Nearly every child in every country globally experiences at least one rotavirus infection in early childhood. However, in India, children are more likely to get this infection multiple times as well as more likely to die from it.

A rotavirus vaccine is available. This vaccine is highly effective and has prevented approximately 50% of severe rotavirus diarrhea cases in India. Scientists in India produce vaccines for this disease which are special for India only.

===HPV===
As of 2019 the Indian government is scaling up efforts to promote the HPV vaccine for girls to prevent cervical cancer. This effort began in 2008 with the introduction of one sort of vaccine and in 2018 the government began providing a newer version of the vaccine.

===Respiratory syncytial virus===
Cases of respiratory syncytial virus (RSV) in India mainly occur in North India in the winter. This virus causes lower respiratory tract infection.

==Safety==
India, like many other countries, uses the World Health Organization system for reporting and classifying "Adverse Events following Immunization". The government agency which manages this program is responsible for both increasing safety and giving an explanation if a problem occurs. Between 2012 and 2016, the system identified about 1,000 "adverse event" cases. Researchers responded by examining these cases to improve safety.

==History==
In 1802 a 3-year-old girl in Mumbai received a smallpox vaccine, making her the first person to take a vaccine in India. The British government claimed success and began to block use of the previous technology variolation to only recommend vaccination instead. In hindsight, the situation was complicated because vaccines were the long-term solution but way that the British Raj introduced them was disruptive to how people accessed traditional health services, and to government operations, and in religion.

==Society and culture==
The pharmaceutical industry in India is strong and has a reputation for producing good vaccines for sale and export. Typically when a country makes vaccines, that means that local people have good access to them.
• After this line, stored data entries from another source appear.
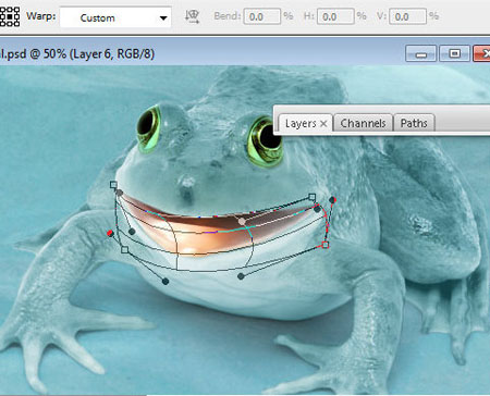 Шаг 22. Измените рот в меню Редактирование – Трансформирование –Деформация (Edit- Transform- Warp). Подкорректируйте контур рта с помощью маленькой кисточки на маске слоя или просто воспользуйтесь Ластиком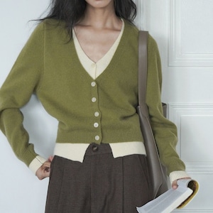 Vネックデザインで顔周りをスッキリ見せ、パンツにもスカートにも合わせやすいので様々なシーンで大活躍するアイテムです。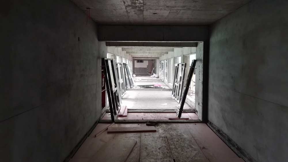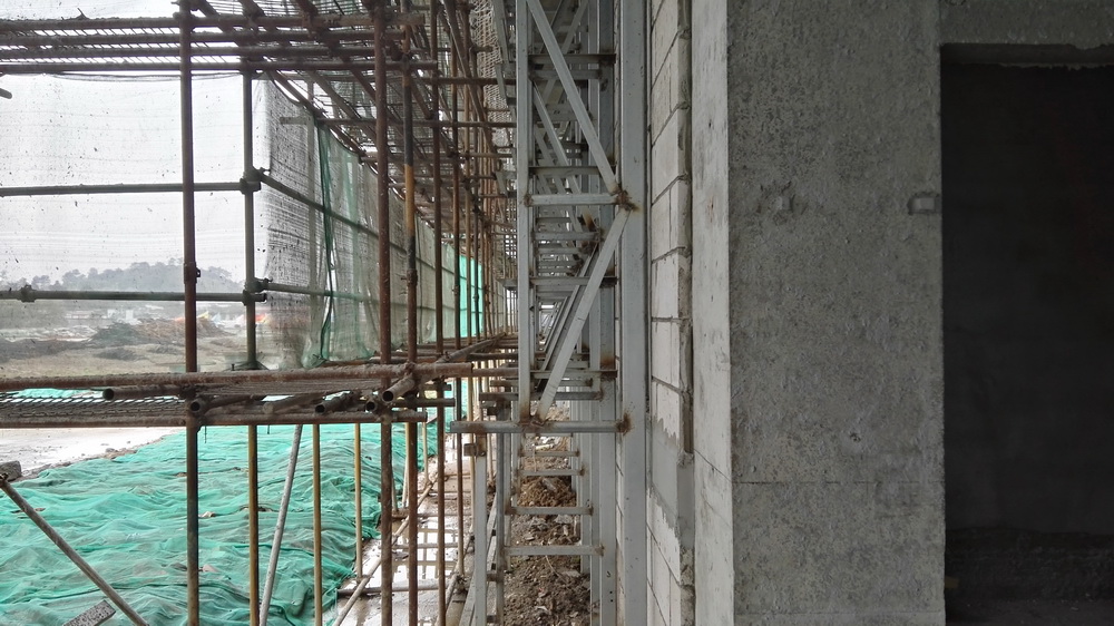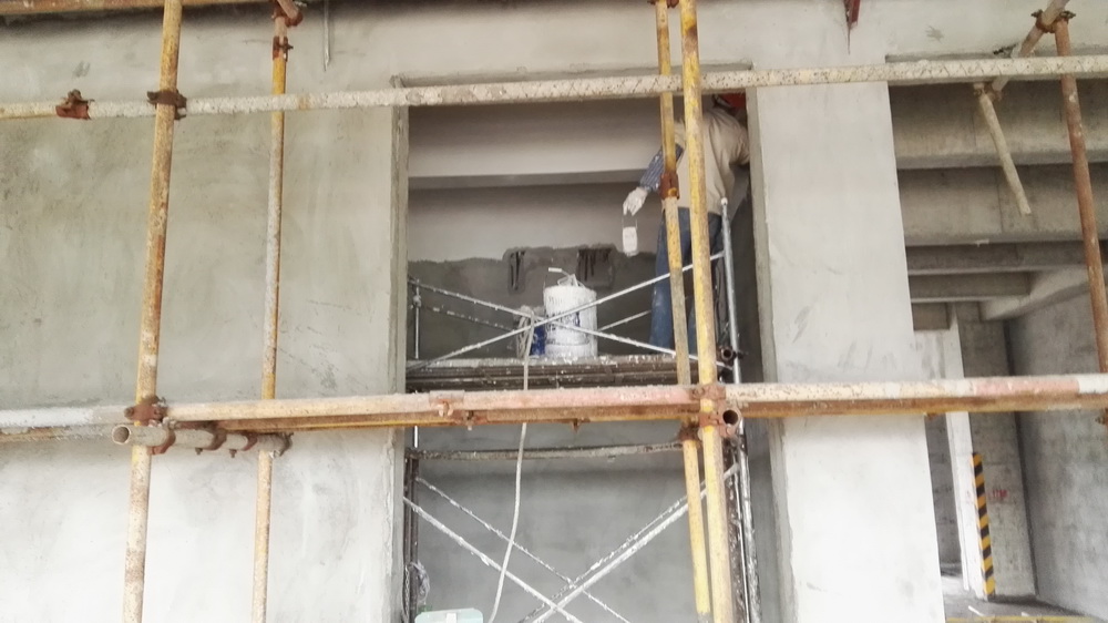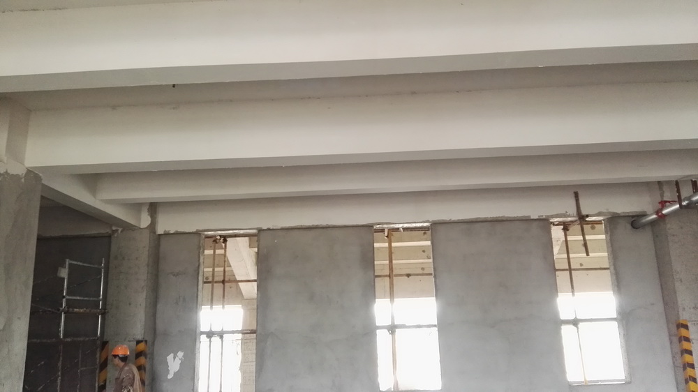 (2)教学组团(理科楼。文科楼、图文信息中心、大学生活动中心、行政楼、公共教学楼、后勤一、后勤二、一食堂、二食堂)内外墙粉刷完成80%;室内腻子完成50%;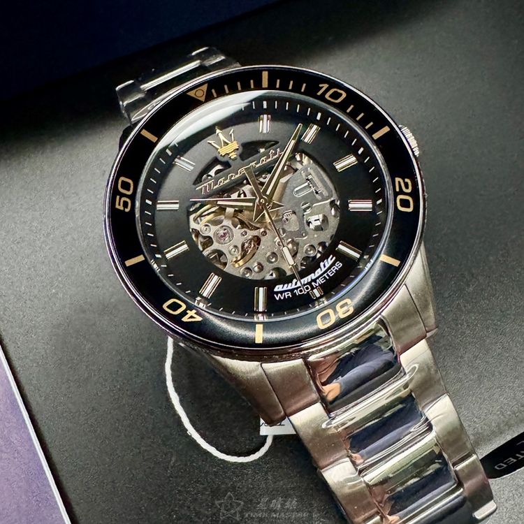 星晴錶業 MASERATI瑪莎拉蒂 R8823140008,男士必備。自動機械機芯,精準無比。錶殼直徑46mm,銀色精鋼打造,展現紳士風采。圓形錶殼,經典不敗。黑色鏤空面板,水鬼中三針顯示,雙面機械鏤空,專屬格調。藍寶石玻璃,堅韌耐用,為您的品味保駕護航。銀色精鋼錶帶,尊貴優雅。防水100米,無懼挑戰。全球保固2年,品質有保障。頂級日本機芯,每分每秒都是極致體驗。星晴錶業 MASERATI瑪莎拉蒂 R8823140008,敬獻時尚精品,成就非凡生活。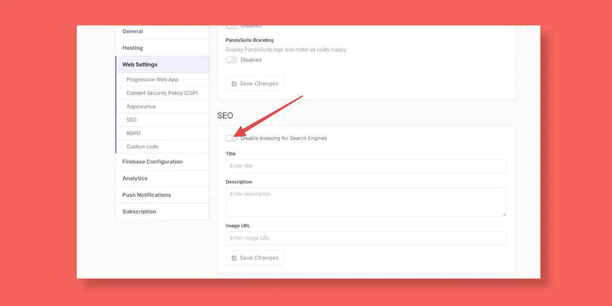 Vous avez maintenant la possibilité d’indexer ou non votre web app sur les moteurs de recherche. Si vous optez pour la visibilité, choisissez le titre, la description et l’image URL de votre web app.
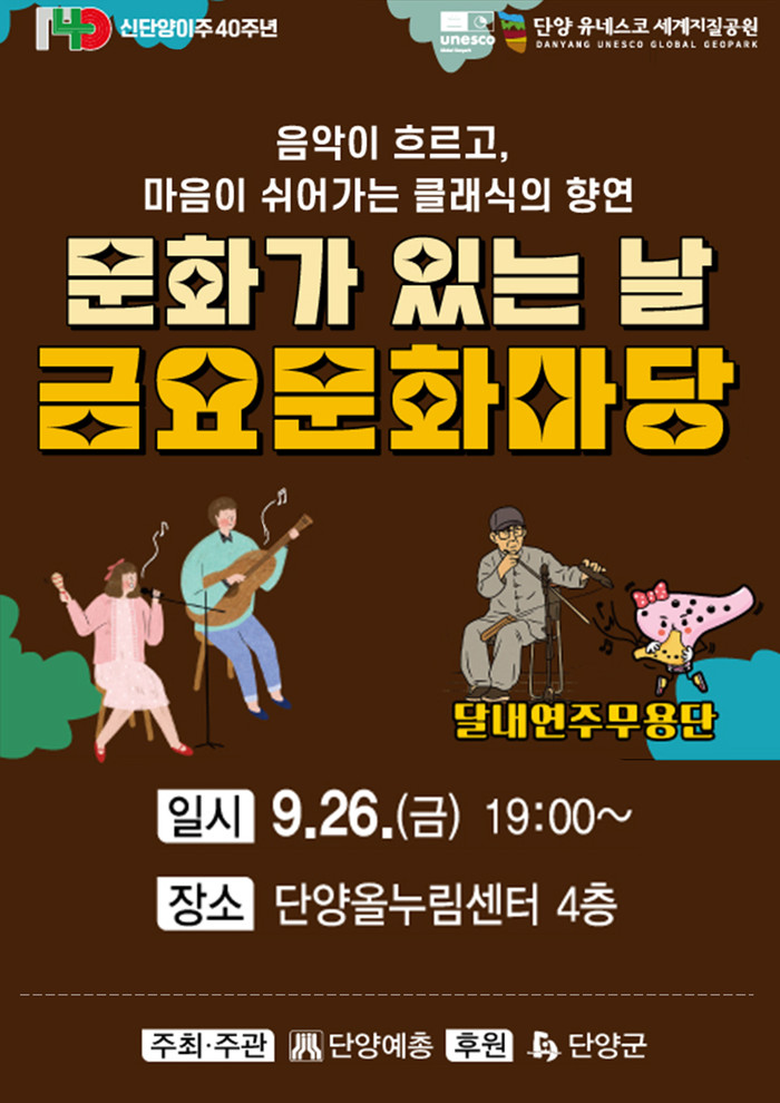 군 관계자는 “문화가 있는 주간 금요문화마당은 일상 속에서 문화를 접할 수 있는 소중한 기회가 될 것”이라며 “앞으로도 다양한 문화 프로그램을 통해 군민과 관광객이 함께 즐길 수 있는 문화공간을 확대해 나가겠다”고 말했다.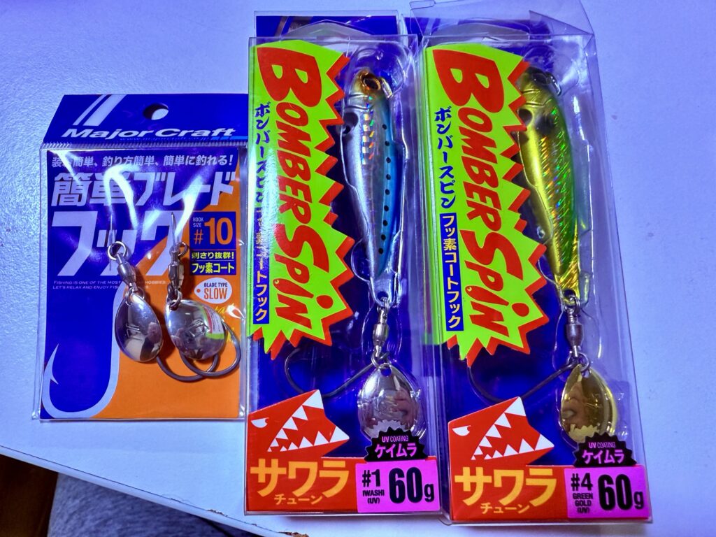 ・ライトジギング メインラインPE1.5-3号 リーダーフロロ8-12号 ジグ 60-120g ロングジグ(シルバー系)、セミロング系、ブレードジグ等様々ですが太刀魚用のジグのフックを青物用に強化した物でも可能です❗️

For various reasons, India has both a strong vaccine manufacturing sector and also people in India, especially children, have higher rates of missing vaccines than in comparable countries.

Various commentators have given different reasons for why India has less vaccination. One historic reason is that India has contributed intensely to encouraging vaccines for smallpox and polio at the expense of being able to promote other vaccines. Another explanation could be that the Indian government underspends on vaccines in general. Somehow India's population does not demand vaccines, which could be a result of lack of public health education. India also has pseudoscience activists promoting vaccine hesitancy.

Some research has suggested that community engagement (CE) may be especially important to consider in supporting vaccination in India. This may include "[efforts that are] focused on upstream relationships (bidirectional), fostering trust, transparent communication, capacity building, and political will to ensure such approaches." There appears to be overarching support for vaccination CE among decisionmakers in India, but there remain many structural and social barriers to moving forward on this front.

==Vaccines in research==
===Dengue===

There has been a dengue vaccine available since 2015. However, this vaccine is not effective in many cases. The Indian government participates in the global research to develop an effective general use dengue vaccine.

===Kala azar===

There is research for a kala azar (Leishmaniasis) vaccine in India, but none exists.

==Special populations==
Foreign tourists visiting India contribute significantly to India's economy. People who visit India from countries with different diseases may not have vaccines to protect against infections in India. When tourists do get an infection in India, often that infection could have been prevented with a vaccine.

The World Health Organization recommends different vaccines for tourists in different circumstances. Those vaccines include diphtheria vaccine, tetanus vaccine, hepatitis A vaccine, hepatitis B vaccine, oral polio vaccine, typhoid vaccine, varicella vaccine, Japanese encephalitis, meningococcal vaccine, rabies vaccine, and yellow fever vaccine.